Their larval relationship is short-lived as Max, in a Dickensian twist, is forced to fix a hazardous machine and gets a lethal dose of radiation that is set to kill him in exactly five days. With an artificial deadline compelling him into action, Max’s all-consuming desire for self-preservation leads him to find a way to Elysium where they have the medical equipment necessary to cure him. This desire for self-preservation makes Max one of the least heroic protagonists of a big budget sci-fi movie since Clive Owen’s character in Children of Men. When his ex-partner in crime Julio (Diego Luna) offers him a trip to Elysium in exchange for hijacking the data stored in his former boss John Carlyle’s brain (William Fichtner), Max finds himself knee-deep in Elysian political intrigue that could lead to tyranny or solve the world’s inequality problem.
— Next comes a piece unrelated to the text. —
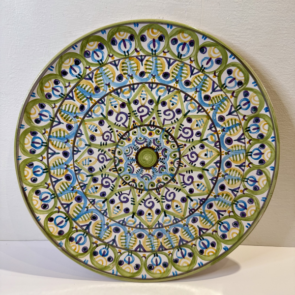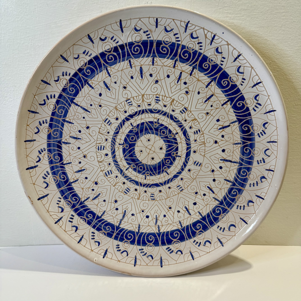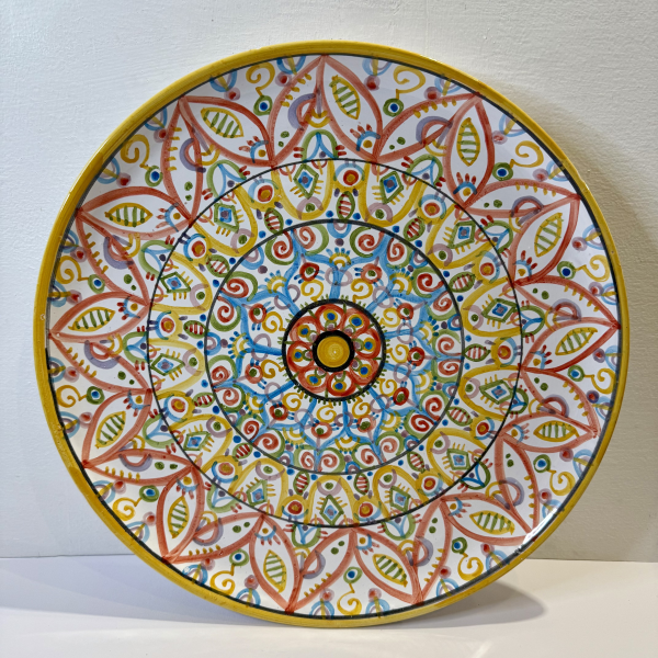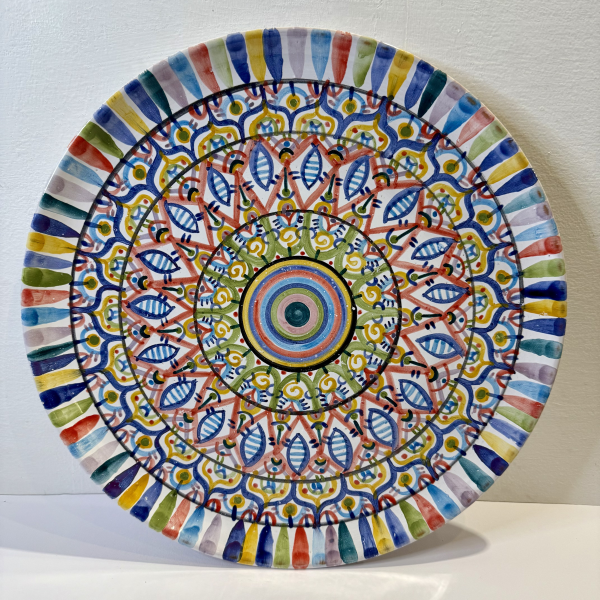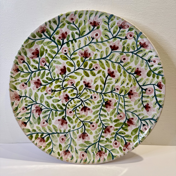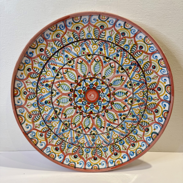 Handcrafted 38 cm diameter smooth plate with freehand painted decorations. One-of-a-kind piece.

However, the threat of Elysian tyranny would be more effective if the villain, Secretary Delacourt (Jodie Foster), were given an opportunity to provide character motivation for her reprehensible actions beyond platitudes such as “we’re preserving our way of life.” For a film that pushes its politics to the fore, the hollow treatment of the Elysians offers no chance for discussion and, instead, treats its unmotivated characters as cogs that turn in place until the next action set piece.

The shining exception is the rogue agent Kruger (played by District 9 star Sharlto Copley), who is contracted by Delacourt to hunt down Max, and in the process, manages to find the sweet spot between pitch-black humor and malice which the film as a whole can never seem to find.

As Max discovers the content of the stolen brain data MacGuffin, he transforms into a Deus Ex Matt Damon capable of resetting all the world’s problems with a single computer hack, Elysium gives up on its political allegory ambitions and unceremoniously switches genres—from sci-fi to pure fantasy.